<<<<
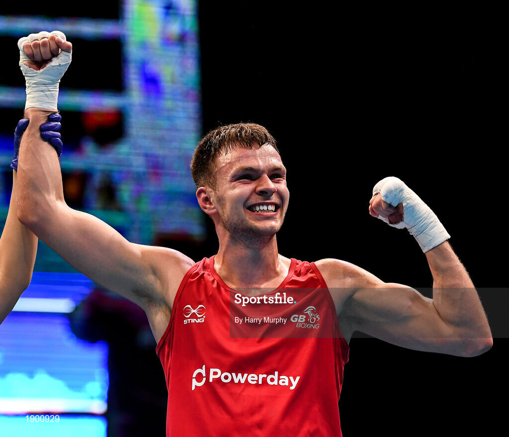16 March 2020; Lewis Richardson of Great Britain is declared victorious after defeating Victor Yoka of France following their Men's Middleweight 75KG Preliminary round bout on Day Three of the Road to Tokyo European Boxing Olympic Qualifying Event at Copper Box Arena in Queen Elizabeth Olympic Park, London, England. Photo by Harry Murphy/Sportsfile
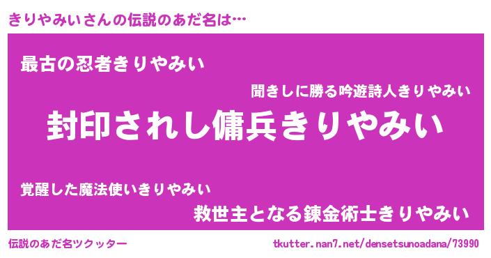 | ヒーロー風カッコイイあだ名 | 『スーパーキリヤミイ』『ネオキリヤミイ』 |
>>>>
<<<<
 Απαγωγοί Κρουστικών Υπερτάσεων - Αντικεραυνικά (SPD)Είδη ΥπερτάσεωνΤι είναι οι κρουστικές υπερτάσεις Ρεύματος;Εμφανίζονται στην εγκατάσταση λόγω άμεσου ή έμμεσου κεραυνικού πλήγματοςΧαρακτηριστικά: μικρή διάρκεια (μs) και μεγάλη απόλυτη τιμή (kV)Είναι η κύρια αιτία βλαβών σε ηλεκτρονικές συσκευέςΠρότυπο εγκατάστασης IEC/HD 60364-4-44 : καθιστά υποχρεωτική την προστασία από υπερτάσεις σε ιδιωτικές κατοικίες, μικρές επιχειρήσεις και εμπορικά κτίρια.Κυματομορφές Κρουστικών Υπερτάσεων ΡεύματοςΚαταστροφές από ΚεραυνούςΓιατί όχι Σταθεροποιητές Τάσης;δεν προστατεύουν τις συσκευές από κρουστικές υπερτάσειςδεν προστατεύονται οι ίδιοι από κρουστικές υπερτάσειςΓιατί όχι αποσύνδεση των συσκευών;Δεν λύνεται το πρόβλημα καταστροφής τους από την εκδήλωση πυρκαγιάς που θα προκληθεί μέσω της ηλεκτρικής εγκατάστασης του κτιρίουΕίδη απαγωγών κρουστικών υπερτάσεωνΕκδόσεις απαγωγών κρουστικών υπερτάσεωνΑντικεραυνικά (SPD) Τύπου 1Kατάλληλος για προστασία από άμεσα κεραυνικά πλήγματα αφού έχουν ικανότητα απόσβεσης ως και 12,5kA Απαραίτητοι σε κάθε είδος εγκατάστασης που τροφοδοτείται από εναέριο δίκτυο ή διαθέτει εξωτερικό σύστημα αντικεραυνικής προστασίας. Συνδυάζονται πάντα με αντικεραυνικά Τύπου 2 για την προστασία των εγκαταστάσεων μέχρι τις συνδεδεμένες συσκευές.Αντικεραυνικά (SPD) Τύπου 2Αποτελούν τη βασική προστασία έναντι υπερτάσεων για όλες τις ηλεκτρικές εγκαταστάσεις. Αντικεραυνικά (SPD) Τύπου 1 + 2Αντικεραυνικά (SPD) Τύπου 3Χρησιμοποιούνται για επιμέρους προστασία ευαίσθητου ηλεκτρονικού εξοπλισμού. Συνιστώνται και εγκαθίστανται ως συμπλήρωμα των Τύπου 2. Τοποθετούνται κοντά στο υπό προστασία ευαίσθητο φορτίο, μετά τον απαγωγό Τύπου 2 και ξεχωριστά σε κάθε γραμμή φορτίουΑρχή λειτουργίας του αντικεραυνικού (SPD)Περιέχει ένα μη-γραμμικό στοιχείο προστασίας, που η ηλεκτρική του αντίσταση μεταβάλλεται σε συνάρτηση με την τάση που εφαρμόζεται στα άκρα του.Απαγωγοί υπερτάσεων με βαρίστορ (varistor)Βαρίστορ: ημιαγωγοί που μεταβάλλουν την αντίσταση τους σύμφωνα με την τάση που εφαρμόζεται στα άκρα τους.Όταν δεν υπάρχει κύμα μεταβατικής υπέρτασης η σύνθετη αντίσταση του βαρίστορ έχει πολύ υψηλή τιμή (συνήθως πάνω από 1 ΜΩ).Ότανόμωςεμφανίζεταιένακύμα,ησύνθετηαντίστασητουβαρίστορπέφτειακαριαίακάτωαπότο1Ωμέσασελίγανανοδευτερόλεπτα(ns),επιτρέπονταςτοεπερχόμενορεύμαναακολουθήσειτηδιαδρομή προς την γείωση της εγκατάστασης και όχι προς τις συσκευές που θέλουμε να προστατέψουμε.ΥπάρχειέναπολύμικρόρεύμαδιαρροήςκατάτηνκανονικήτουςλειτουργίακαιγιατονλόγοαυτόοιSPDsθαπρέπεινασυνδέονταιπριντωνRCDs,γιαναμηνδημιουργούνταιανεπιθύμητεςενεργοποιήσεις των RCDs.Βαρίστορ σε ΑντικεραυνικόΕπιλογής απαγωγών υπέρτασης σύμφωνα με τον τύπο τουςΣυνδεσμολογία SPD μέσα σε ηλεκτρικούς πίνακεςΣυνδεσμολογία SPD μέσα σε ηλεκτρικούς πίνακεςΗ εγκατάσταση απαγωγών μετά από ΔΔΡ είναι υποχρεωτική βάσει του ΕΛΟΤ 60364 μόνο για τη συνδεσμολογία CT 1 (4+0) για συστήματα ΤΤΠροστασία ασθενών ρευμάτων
>>>>
# [TASK INSTRUCTIONS]
What you return must match, character for character, the lines above from the one with "16 March 2020;" through the one with "ヒーロー風カッコイイあだ名 | 『スーパーキリヤミイ』『ネオキリヤミイ』 |", minus any pictures.

# [ANSWER TO THIS EXERCISE]
16 March 2020; Lewis Richardson of Great Britain is declared victorious after defeating Victor Yoka of France following their Men's Middleweight 75KG Preliminary round bout on Day Three of the Road to Tokyo European Boxing Olympic Qualifying Event at Copper Box Arena in Queen Elizabeth Olympic Park, London, England. Photo by Harry Murphy/Sportsfile
 | ヒーロー風カッコイイあだ名 | 『スーパーキリヤミイ』『ネオキリヤミイ』 |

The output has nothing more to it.